News
Kobidi AME Zion School teachers, pupils back to school …after rituals to revoke curses
Teaching and learning resumed on Monday at Kobidi AME Zion primary and Junior High School as teachers and learners returned to school after a week break occasioned by a delusion over the death of two headmasters and a teacher.
This was after rituals had been performed by the chief priest of the area – Kobidi, to stop the strange deaths recorded in the school.
The town, located in the Sunyani West Municipality of the Bono Region, was in the news last week following the death of two headmasters and a teacher of the school.
When The Spectator visited the school premises last week, it was totally deserted with parents complaining as the children roam in town.
The death of the two were initially attributed to curses invoked on the school authorities by a disgruntled learner who was unhappy about some treatment.
But from a follow-up by The Spectator on the latest development, it emerged that the curse was actually invoked by an occasional visitor to the school who many considered as mentally unbalanced.
After consultation with the traditional authorities, rituals were performed for learners and teachers to return to school.

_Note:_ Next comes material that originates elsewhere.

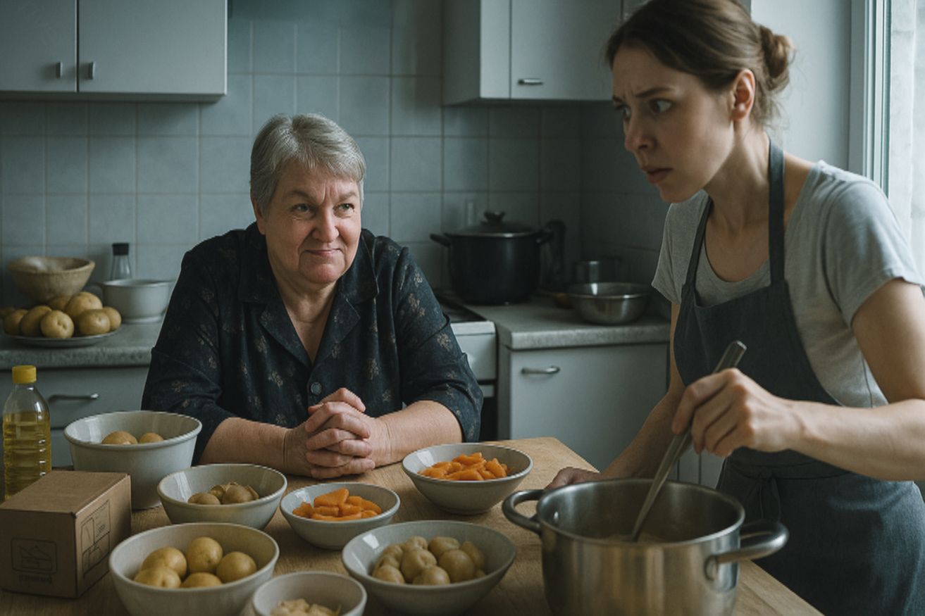 На кухне Инна включила свет и оглядела пространство. Вчера вечером свекровь привезла продукты — огромные пакеты с мясом, овощами, зеленью, специями. Всё это теперь занимало половину столешницы и весь холодильник. Инна вздохнула и принялась доставать ингредиенты.

According to the Queen mother of the town, Nana Ansu Ameyaa Gyeabour who addressed a press conference, the performance of the rituals followed consultations with the chief priest of the area.
“The nature of the issue required that we consult the chief priest of the town. It was after that consultation that he requested three rams, fowls, bottle of schnapps and some cash amount to prepare the rituals,” she said.
She explained that traditionally, that cost should have being on the family of the man that invoked the curses but due to the financial constraints, members of the community were made to contribute to pay.
“Under normal circumstances, the family of the man that invoked the curse was supposed to bear the cost of the fine but were financially constraint. As a result, households were levied Gh₵100 each to raise the money.”
Narrating the full story, the Assembly Member of the area, known as Mr Boateng said the mentally deranged man occasionally visited the school to demand a portion of food served the children under the national school feeding programme.
And most of the time, Mr Boateng said, he was denied.
Mr Boateng, said one of the days when his request was refused, he got angry and rained curses on the school authorities, specifically calling the death of any staff that embezzled any fund belonging to the school.
Subsequently, two successive head teachers and a teacher have died but what cannot be confirmed was whether it was associated with the curses and whether the three victims embezzled school funds.
Strangely, the perceived mental patient would return a day or two after the deaths to remind the staff of his curses.
That obviously caused fear and panic among the staff, culminating in the closure of the school from May 18 until last Friday’s rituals to pacify the gods and revoke the curses.
The perceived mentally challenged man has currently been excommunicated from the township for safety reasons and is reported to be in Chiraa, a nearby town.